Disclaimer: The following question is stated a bit terribly.

I have a TaskQueue which is Lwt_pool based and constrains the amount of concurrent operations to some low number of operations (irrelevant).

The function getHtml returns a relatively long string.

When I execute few thousands of such operations going greedily down (and thus recursing deeper and deeper) my application starts to eat a lot of memory. I assume that it’s because the promises returned by getHtml are in the memory as long as the bound promise is not resolved. It also makes sense since generally I could attach a callback again to the resolved promise.

Is there a way to have a promise which sort of computes and frees resources afterwards?

I realize I could change the algorithm so that it’s not recursive (and honestly, I probably will) but I’m curious if there’s a simple solution I cannot see.

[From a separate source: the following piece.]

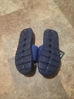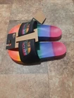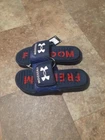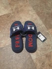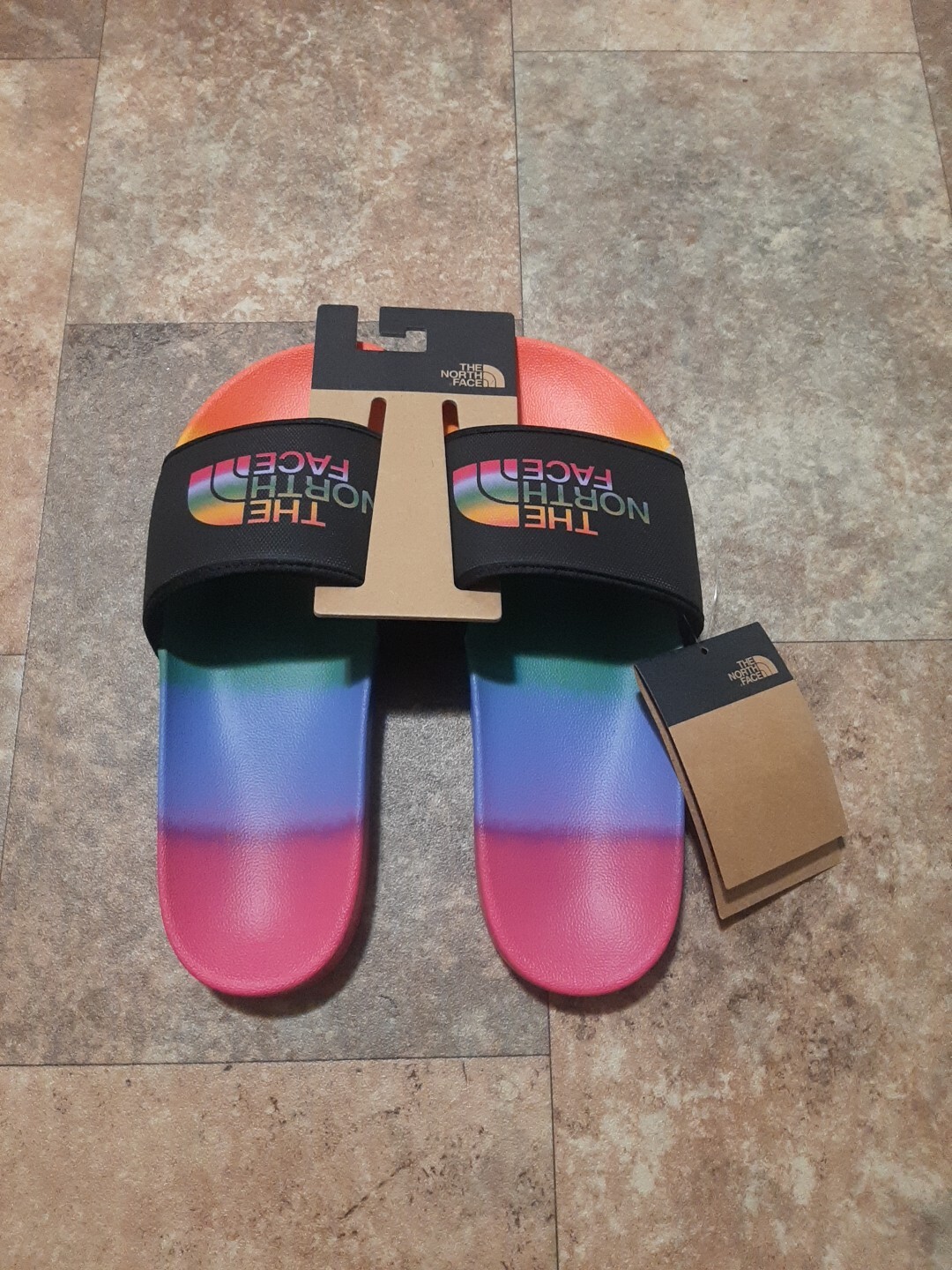 Elevate your style and comfort with this limited edition bundle of 3 pairs of men's slides, size 10. The striped pattern and multicolor design make these sandals perfect for any occasion, whether it's for travel, activewear, party/cocktail, casual, formal, workwear, or business. The cushioned, lightweight, and adjustable features of these slides make them perfect for any season, including winter, summer, fall, and spring. The outsole material is made of fabric and the insole material is made of rubber. These slides are vintage and belong to the Under Armour and Adidas product lines. The North Face character and the Under Armour theme add to the style of these slides. Get ready to slip into comfort with these stylish slides that are perfect for any occasion.

let rec scrape ~depth ~queue links =
  match links with
  | [] -> Lwt.return false
  | l ->
      pickFirst (List.map
        (fun uri ->
          TaskQueue.submit queue (fun () ->
              let uriString = Uri.to_string uri in
              if isVisited uriString then Lwt.return `Done
              else
                (markVisited uriString ;
                (* Starts a fetch *)
                getHtml uriString
                >>= fun fetchResult ->
                if checkCondition fetchResult then Lwt.return `Success
                else extractLinks fetchResult)
                >>= fun links ->
               (* I don't need the html that's been fetched anymore *)
                match links with
                | `Continue links -> scrape ~depth:(depth + 1) ~queue links
                | `Done -> Lwt.return false
                | `Success -> Lwt.return true ) )
        l)
1 Like

You’re asking for competing tasks, if you want a promise that discards its value, then you can just use Lwt.ignore, however, you still need the result of a promise, thus you need to keep it, until the scheduler passes it to the handler.

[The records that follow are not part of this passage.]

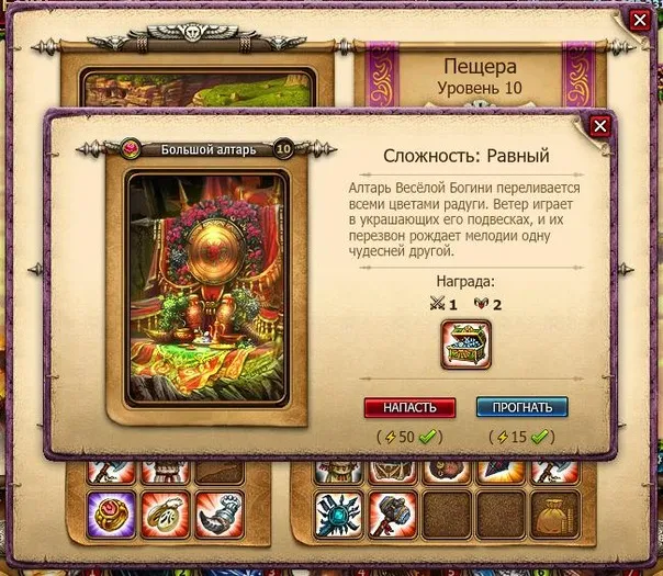 Чтобы разграбить алтарь надо учитывать: урон персонажа + урон с культовых заклинаний (хотя бы 7ой уровень) + бафф на урон с культовых заклинаний + клановый бафф на урон, если на оффе + эликсиры + ярость.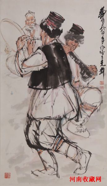 黄胄的笔墨长于叙事,长于情节性描绘,在他的画面娓娓道来的情境中,象征性的意味和纯粹的笔墨情趣分外动人。画上维吾尔族小伙子吹奏着鹰骨笛翩翩起舞,老汉一个打着手鼓,一个弹奏着冬不拉,陶醉在音乐和曼妙的舞姿中,好一副喜庆的形象。老人的动态捕捉的特别到位,一屈一伸,一倾一侧,脚步的姿势轻盈欢快,和小伙子形成了完美的呼应。整体感觉和细节刻画均有独到之处,表现出黄胄在人物刻画上的深厚功力。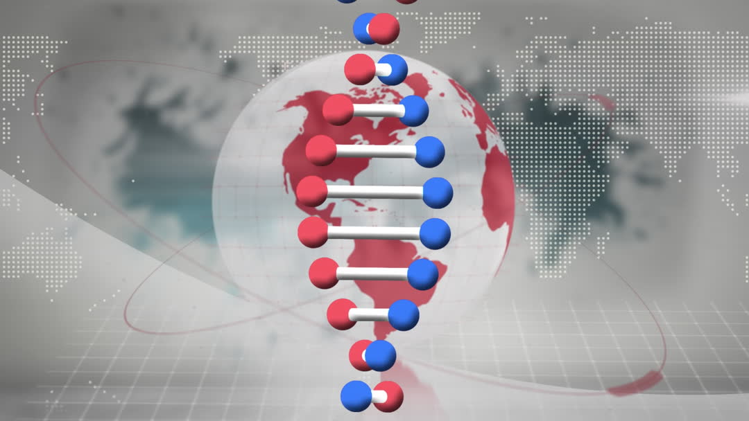 - Global DNA Strand Representation with Rotating Globe Iconography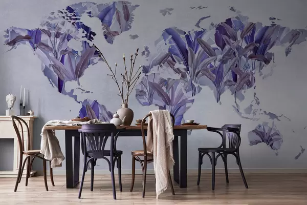 Papel de pared Un mapamundi morado hecho con hojas de plátano Nr. c00007v1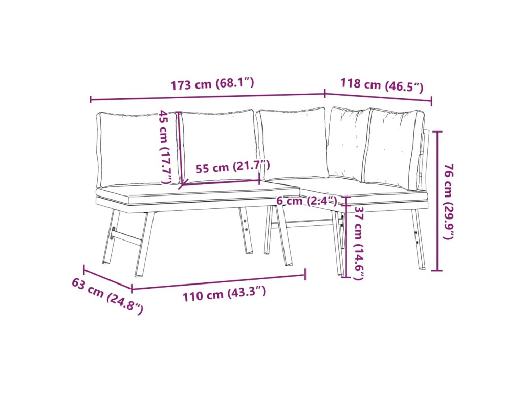 - Rozmery (2 opierky): 110 x 63 x 76 cm (Š x H x V)

In your program, the problem has nothing to do with promises or the way how they are handled or garbage-collected, as you may suspect. Most likely, the problem is that you’re creating lots of promises in parallel, and they all start to work as soon as they created. It could essentially problematic if your consumers (i.e., the extractLinks or checkConditions functions are slower, then the producers (i.e., getHtml) and you’re just unable to process data at the desired rate.

You need to throttle you pipleline. There’re many methods to do this, I usually use a pool of workers and a pool of tasks, implemented around Lwt_sequence.

I do throttle it using Lwt_pool.

Then you’re not showing us enough code. What’s the type of the TaskQueue.submit?
Also, it looks quite suspicious that you’re using the List module for mapping uris to promises, not Lwt_list.

Speculatively, you’re just creating a too big task queue, maybe some site has too many links.

Again, this is only a guess, but it looks like that you’re looking in a wrong direction. Lwt doesn’t introduce any heavy overheads.

TaskQueue.submit is the same as Lwt_pool.use. Why is using map suspicious? I’m using it because then I make an operation on a list of promises (in pickFirst).

You’re right, I skipped one function call, the code was incomplete. I’ve added pickFirst which picks the first promise which resolves to true.

If we assume that a webpage has 10 links on average, after going 3 levels down, there’re going to be 1111 nodes in the resulting tree of promises. Holding them in memory means holding the result of getHtml, too if I understand correctly. And I feel like it’s the root of the problem.

Of course I might be wrong here.

Also, you’re right that I can easily solve it by better “throttling” but it would involve using a more complicated queue instead of this simple recursive algorithm.

Just a brief update: we discussed this issue on Discord back around when it was first posted, and some time after that @wokalski found that the cause was likely not a memory leak in the traditional sense, but rather undesirably large growth of the major heap between major GC cycles. He may have more details at some point in the future :slight_smile: